巷口那家早点铺,昨天路过的时候我看到蒸笼冒著白气,闻起来特別香。”
“那就出去吃。”他从被子里坐起来,趿拉著拖鞋去洗漱。
两个人洗漱完,换好衣服。
沈诗情穿了白色短袖和牛仔裤,把头髮扎成马尾,言秋还是白色短袖配深蓝色长裤,和她並排站在洗手台镜子前刷牙。

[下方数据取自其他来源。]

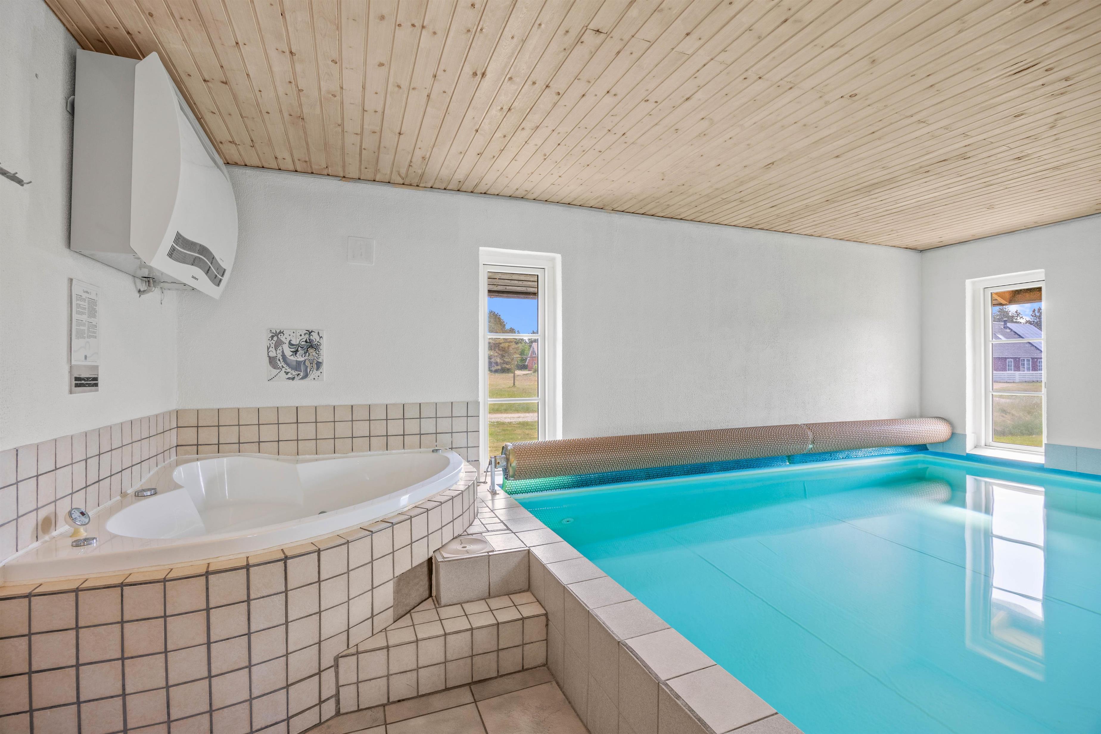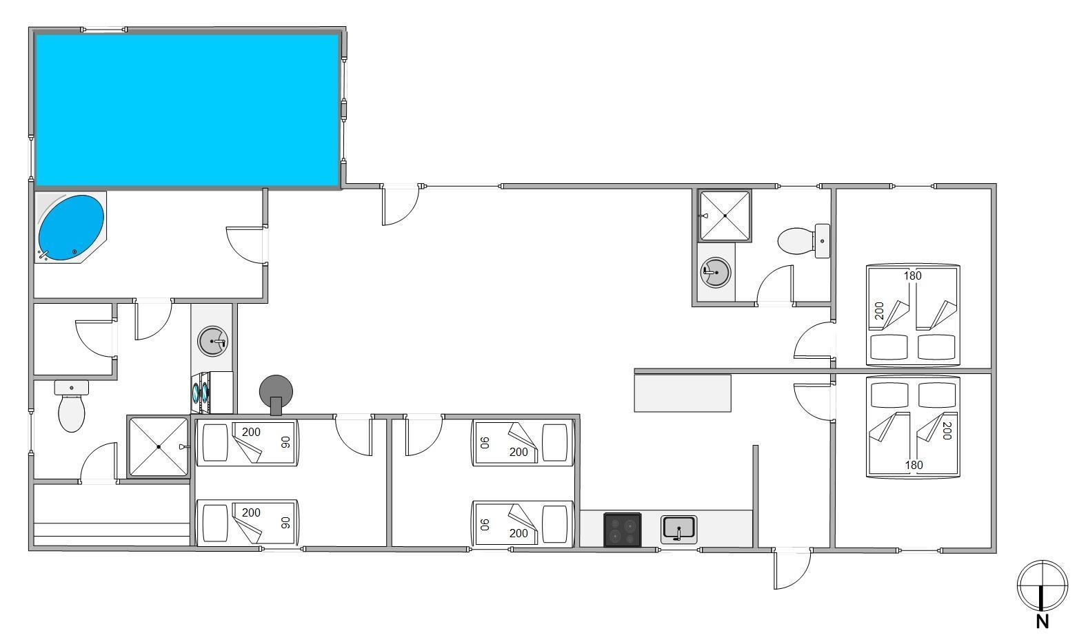 Ein Highlight des Ferienhauses in Toftum ist der 28 m² große Swimmingpool, der dir zu jeder Jahreszeit Badespaß bietet. Nach einem erfrischenden Bad kannst du in der Sauna oder im Whirlpool entspannen und den Stress des Alltags hinter dir lassen. Für die Kinder gibt es einen Spielbereich im Freien mit Schaukel, Sandkasten und einem Trampolin, während du auf der geschlossenen Terrasse die Sonne mit einem guten Buch genießen kannst. Abends lädt der Grill zu geselligen Runden mit Freunden und Familie ein. Eine Luft-Luft-Wärmepumpe sorgt das ganze Jahr über für eine angenehme Temperatur.

她鼓著腮帮子含糊不清地说了句什么,大概是“你牙膏沫蹭到下巴了”。
他低头漱口,用毛巾擦了擦下巴。
推开单元门,清晨的阳光从桂花树叶缝里漏下来,石板路上洒了一地晃动的光斑,空气里有股淡淡的桂花香,混著巷口飘来的包子蒸汽和豆浆的甜味。
巷口早点铺的蒸笼冒著白气。
老板娘正用长筷子夹出刚蒸好的包子,麵皮白白胖胖的,褶子捏得整整齐齐。
几张矮桌支在路边,桌面上铺著红白格子的塑料布,旁边还支著一个小麵摊,老板正在拉麵,麵团在案板上摔得啪啪响。
沈诗情踮著脚看蒸笼里的包子,朝著老板娘说:“要两个肉包子,两个菜包,两杯豆浆。”
“好嘞。”老板娘麻利地夹好包子,又拿了两个一次性纸杯装好豆浆,放在托盘上递了过来。
言秋付了钱,端著托盘找了张靠桂花树的矮桌坐下。
沈诗情拿起菜包咬了一口,腮帮子鼓鼓的,眼睛眯了起来。
“这个包子比我们以前小区门口那家好吃。”
她用手背蹭了蹭嘴角的包子屑,把包子举到他面前晃了晃,“皮更薄,馅更多,菜馅里还放了香菇。”
“那以后早上就来这里吃。”言秋端起豆浆喝了一口。
“好,反正走路不到两分钟。”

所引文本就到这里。